Freight delivery company Landstar (NASDAQ:LSTR) fell short of analysts' expectations in Q2 CY2024, with revenue down 11% year on year to $1.23 billion. It made a GAAP profit of $1.48 per share, down from its profit of $1.85 per share in the same quarter last year.

Is now the time to buy Landstar? Find out in our full research report.

Landstar (LSTR) Q2 CY2024 Highlights:

  • Revenue: $1.23 billion vs analyst estimates of $1.25 billion (2.1% miss)

  • EPS: $1.48 vs analyst estimates of $1.46 (1.5% beat)

  • Gross Margin (GAAP): 22.4%, up from 21.3% in the same quarter last year

  • Market Capitalization: $6.84 billion

JACKSONVILLE, Fla., July 30, 2024 (GLOBE NEWSWIRE) -- Landstar System, Inc. (NASDAQ: LSTR) (“Landstar” or the “Company”) today reported basic and diluted earnings per share (“EPS”) of $1.48 in the 2024 second quarter on revenue of $1.225 billion.

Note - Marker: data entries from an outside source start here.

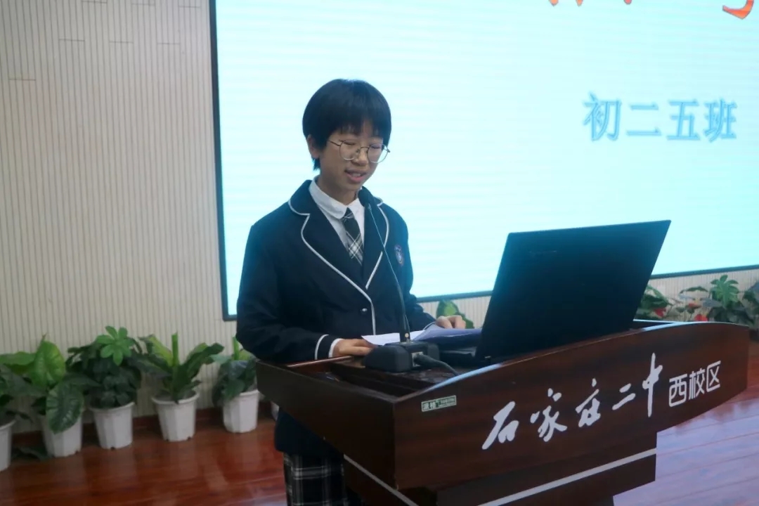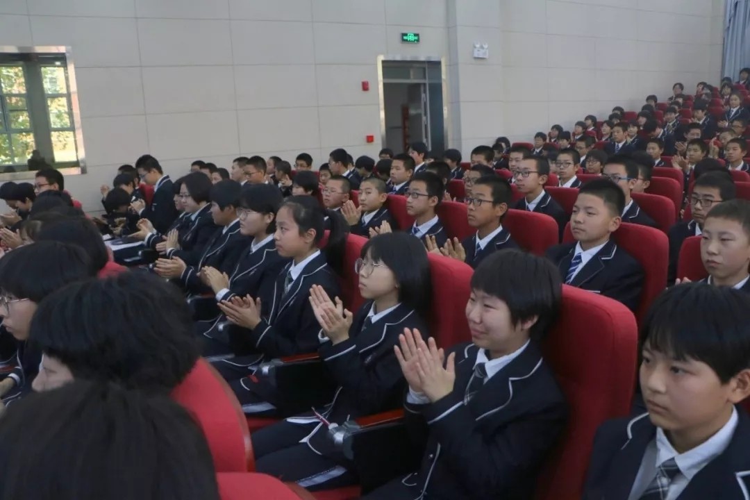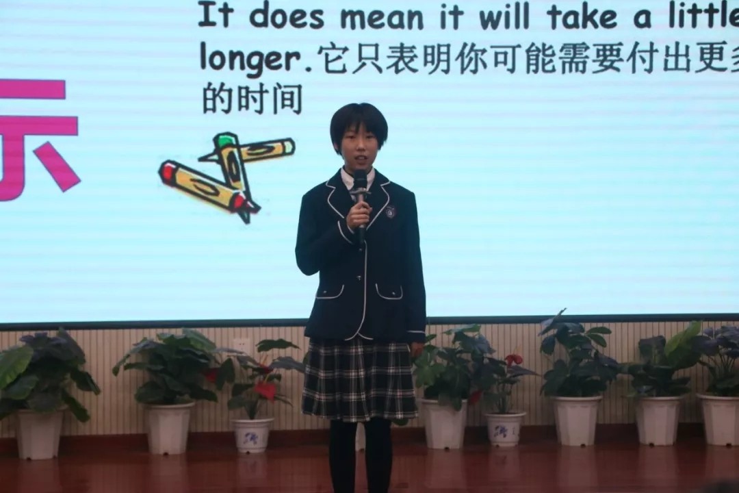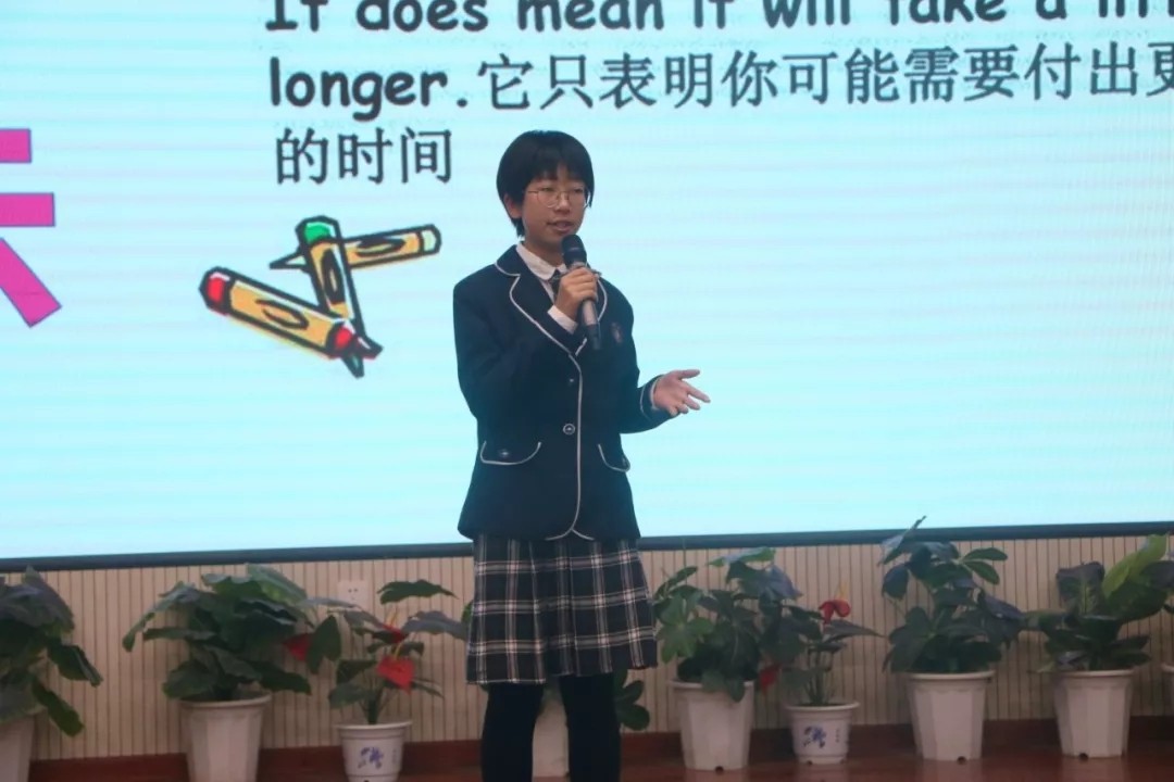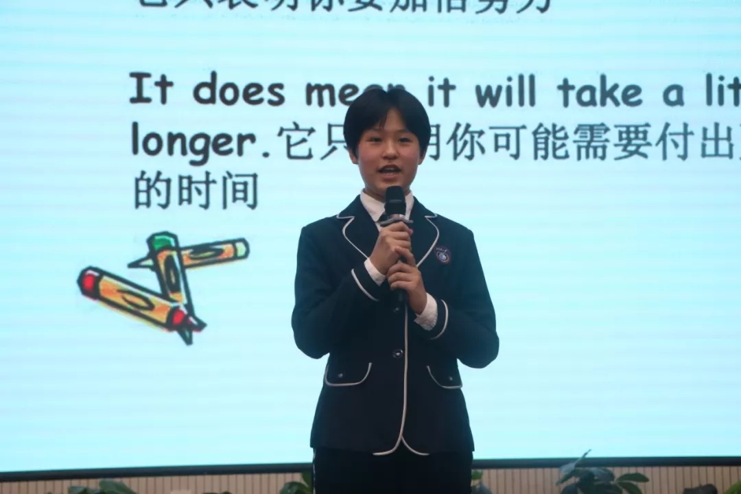颁奖仪式后,优秀学生代表初二5班徐一宁同学向大家分享学习经验。十月份的初中英语口语演讲比赛中脱颖而出的初二5班徐一宁、初二6班刘以清、崔可昕等几位同学上台展示风彩。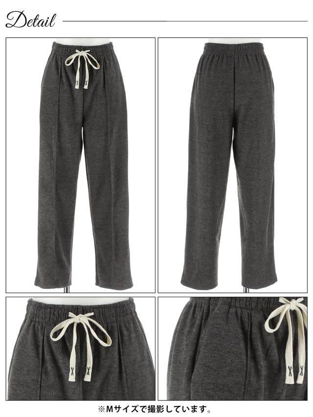 脚をふんわりと包み込む暖かい裏起毛のロングパンツ。センターピンタック入りで脚のラインをまっすぐに見せ、美脚効果を叶えてくれます◎楽ちんなのにダル着感が出ないので、おうち時間はもちろんワンマイルウェアとしても活躍する1着です!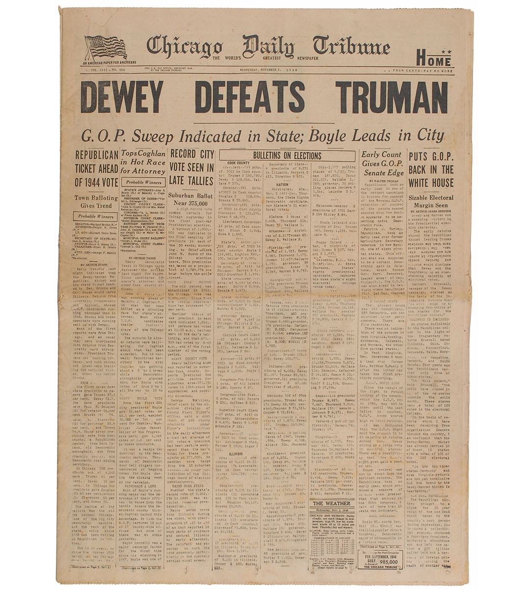 Rare complete issue of the Chicago Daily Tribune of November 3, 1948, 17 x 24, featuring the iconic banner headline "Dewey Defeats Truman.” In fine condition, with a few small tears and wear to the spine, a repaired tear to the upper left, and an unobtrusive area of paper loss to the top edge. When the decision to print this paper was made, returns were coming in very slowly and time was running out before the deadline for the edition. The Tribune staff, based on the early returns, decided Dewey would be the next President. After the newspaper was delivered to the street, more returns came in and showed that Truman would in fact be reelected. The already delivered ‘error’ newspapers were gathered for return by staff members sent out to pick them up from newsstands and homes in the Chicago area. Original, entirely complete editions of this newspaper are becoming increasingly scarce.

Covering billions of miles throughout North America, Landstar (NASDAQ:LSTR) is a transportation company specializing in freight and last-mile delivery services.

Ground Transportation

The growth of e-commerce and global trade continues to drive demand for shipping services, especially last-mile delivery, presenting opportunities for ground transportation companies. The industry continues to invest in data, analytics, and autonomous fleets to optimize efficiency and find the most cost-effective routes. Despite the essential services this industry provides, ground transportation companies are still at the whim of economic cycles. Consumer spending, for example, can greatly impact the demand for these companies’ offerings while fuel costs can influence profit margins.

Sales Growth

A company’s long-term performance can give signals about its business quality. Even a bad business can shine for one or two quarters, but a top-tier one tends to grow for years. Over the last five years, Landstar grew its sales at a weak 1.9% compounded annual growth rate. This shows it failed to expand in any major way and is a rough starting point for our analysis.

Landstar Total Revenue
Landstar Total Revenue

Long-term growth is the most important, but within industrials, a half-decade historical view may miss new industry trends or demand cycles. Landstar's history shows it grew in the past but relinquished its gains over the last two years, as its revenue fell by 19.9% annually.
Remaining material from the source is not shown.